* [YOUR GOAL] Set out exactly, and only, the lines running from the one containing "Lucknowi Chikankari Blue" to the bottom of the listing below; pictures stay out.

* [WORKING DATA]

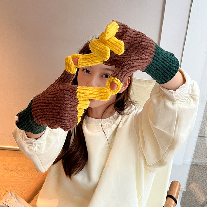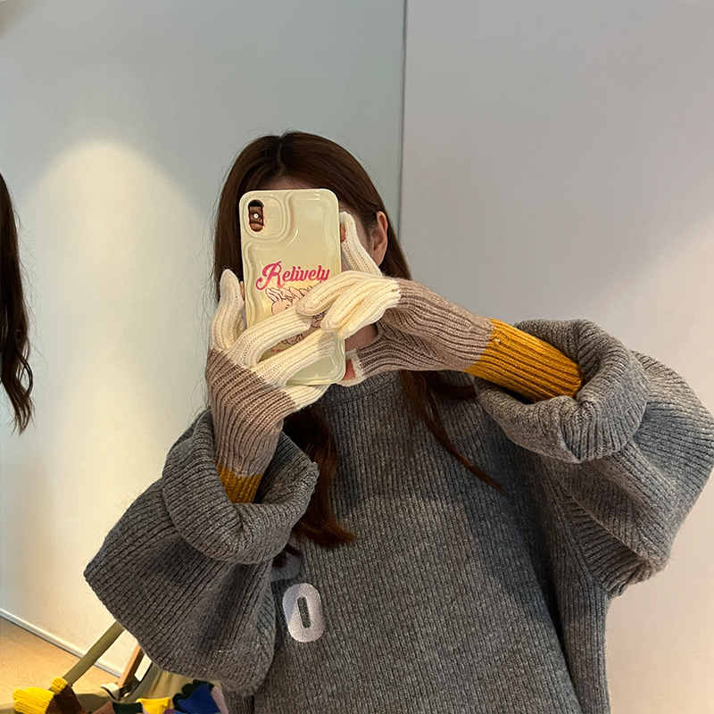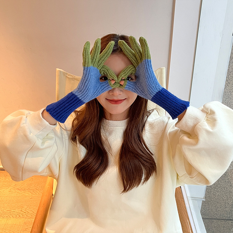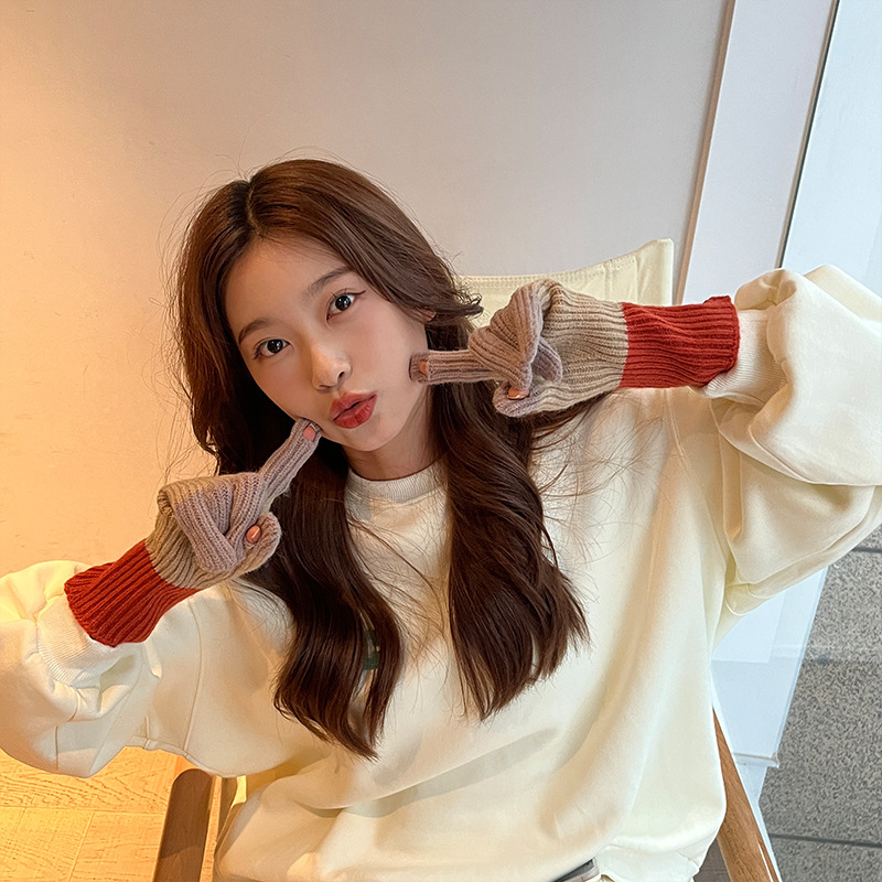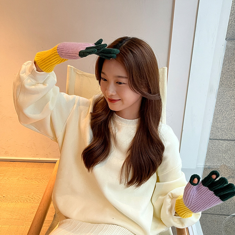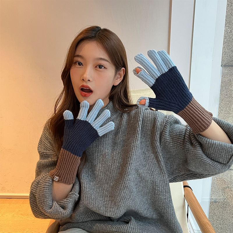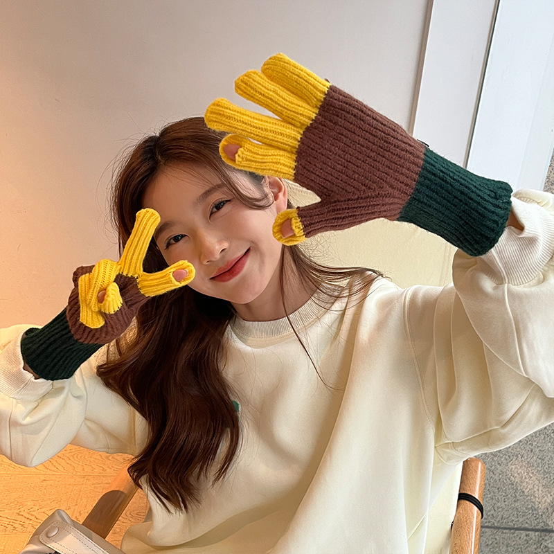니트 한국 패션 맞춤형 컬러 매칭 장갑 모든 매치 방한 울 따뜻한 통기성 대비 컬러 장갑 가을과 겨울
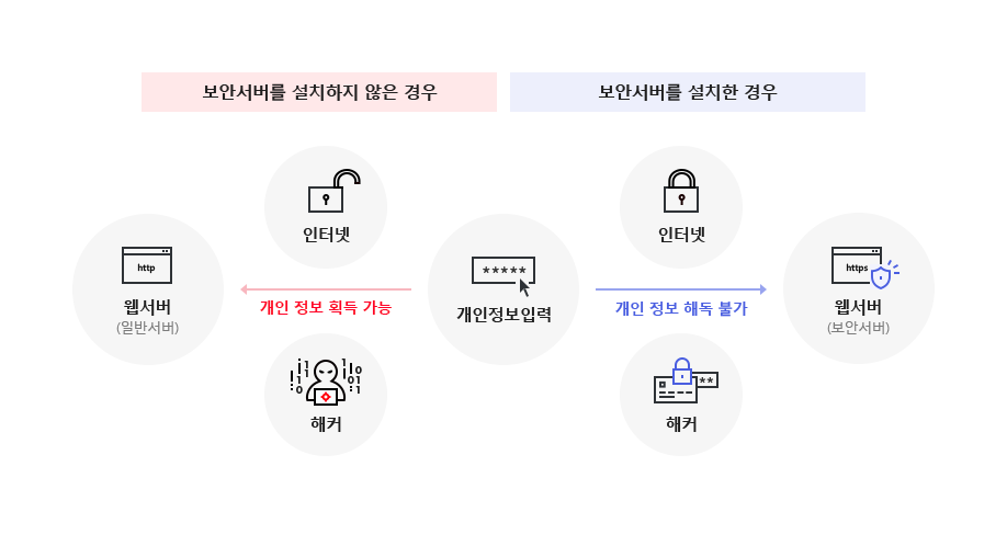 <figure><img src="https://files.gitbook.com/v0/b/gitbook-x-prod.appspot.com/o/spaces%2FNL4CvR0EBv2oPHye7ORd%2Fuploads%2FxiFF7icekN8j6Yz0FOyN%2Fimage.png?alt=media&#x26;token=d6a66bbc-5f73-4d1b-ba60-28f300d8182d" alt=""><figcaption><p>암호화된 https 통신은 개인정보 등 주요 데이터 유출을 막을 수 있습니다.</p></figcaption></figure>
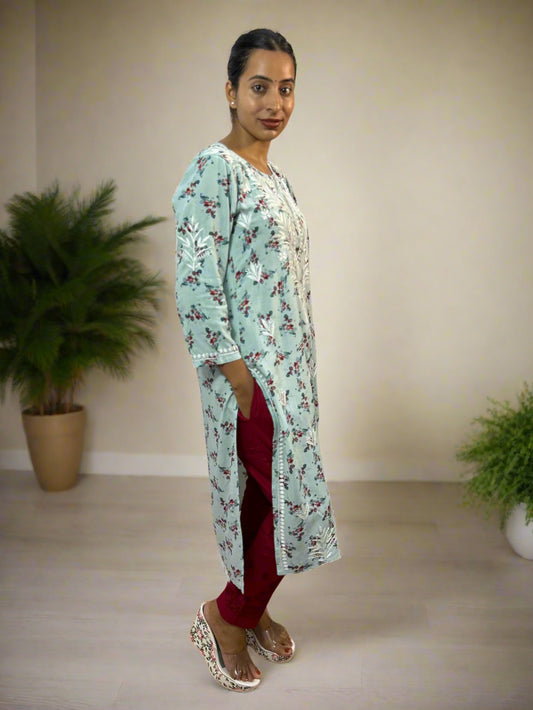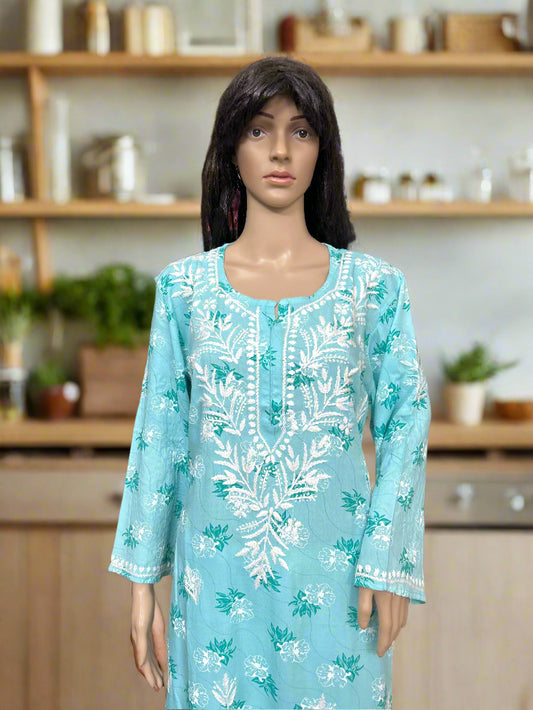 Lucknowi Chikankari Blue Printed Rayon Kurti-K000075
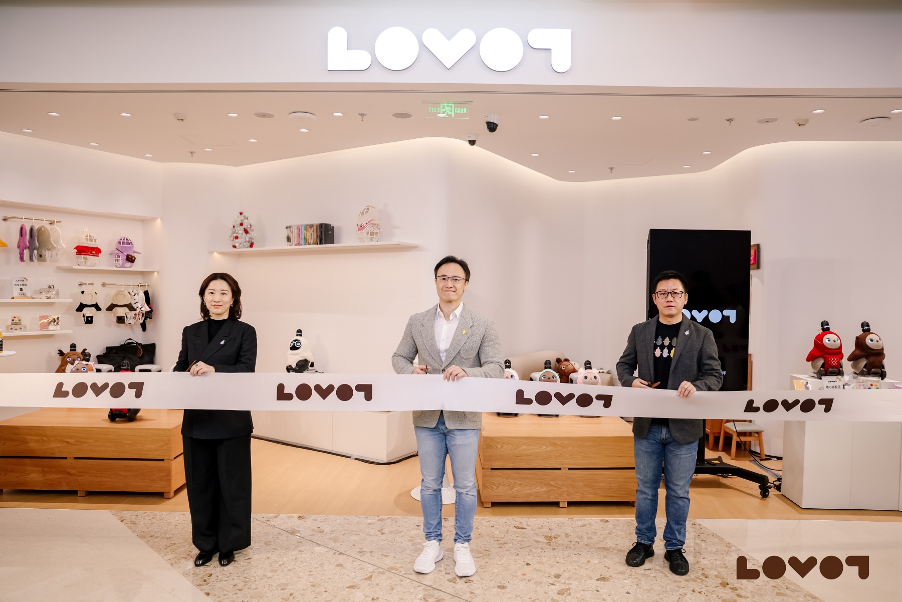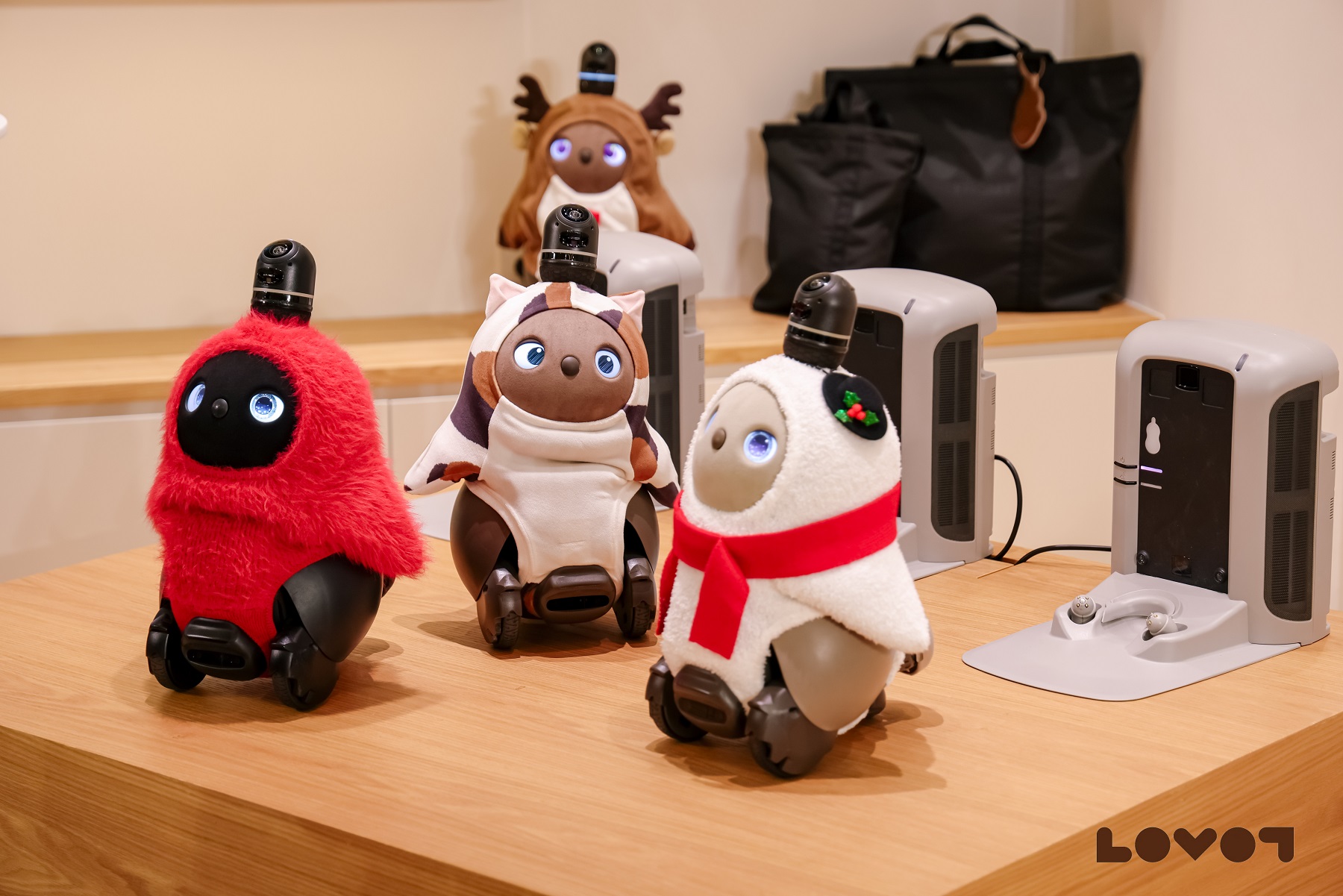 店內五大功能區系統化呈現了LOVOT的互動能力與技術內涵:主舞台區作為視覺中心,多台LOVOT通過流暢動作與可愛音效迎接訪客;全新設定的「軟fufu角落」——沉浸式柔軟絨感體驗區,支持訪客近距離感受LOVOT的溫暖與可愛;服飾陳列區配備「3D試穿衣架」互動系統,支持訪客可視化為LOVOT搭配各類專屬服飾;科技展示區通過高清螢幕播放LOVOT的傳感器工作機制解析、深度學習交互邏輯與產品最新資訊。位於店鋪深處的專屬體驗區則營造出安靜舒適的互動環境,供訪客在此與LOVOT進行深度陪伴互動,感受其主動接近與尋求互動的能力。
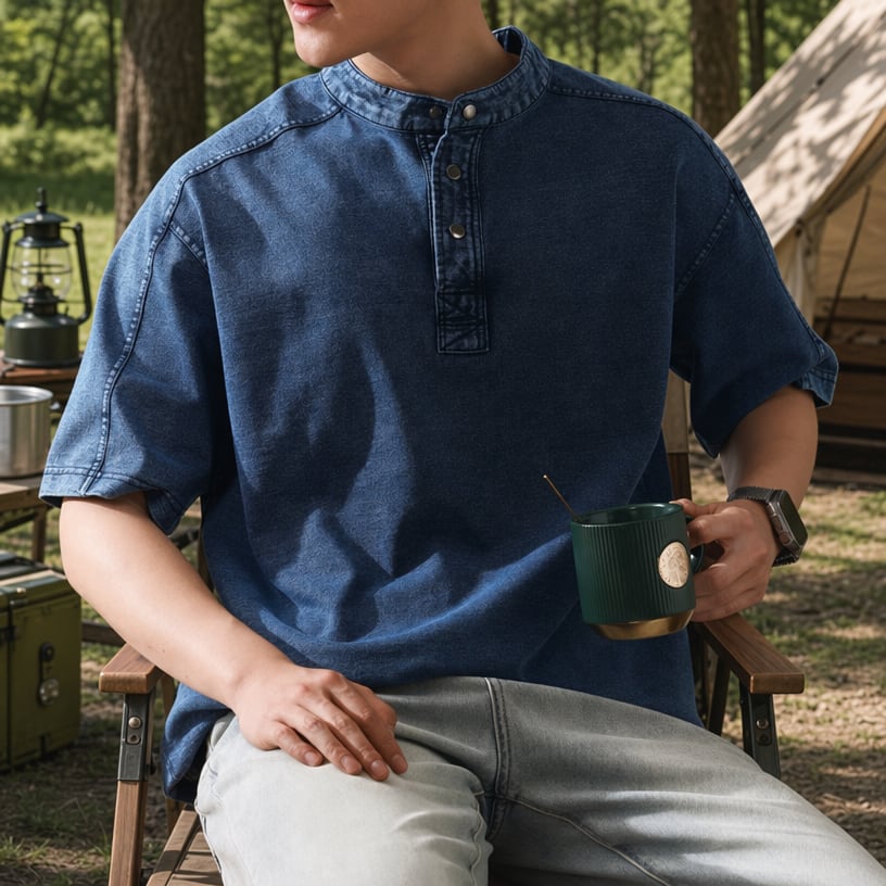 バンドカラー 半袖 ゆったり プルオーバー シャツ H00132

* [RESULT OF THIS EXERCISE]
 Lucknowi Chikankari Blue Printed Rayon Kurti-K000075
 店內五大功能區系統化呈現了LOVOT的互動能力與技術內涵:主舞台區作為視覺中心,多台LOVOT通過流暢動作與可愛音效迎接訪客;全新設定的「軟fufu角落」——沉浸式柔軟絨感體驗區,支持訪客近距離感受LOVOT的溫暖與可愛;服飾陳列區配備「3D試穿衣架」互動系統,支持訪客可視化為LOVOT搭配各類專屬服飾;科技展示區通過高清螢幕播放LOVOT的傳感器工作機制解析、深度學習交互邏輯與產品最新資訊。位於店鋪深處的專屬體驗區則營造出安靜舒適的互動環境,供訪客在此與LOVOT進行深度陪伴互動,感受其主動接近與尋求互動的能力。
 バンドカラー 半袖 ゆったり プルオーバー シャツ H00132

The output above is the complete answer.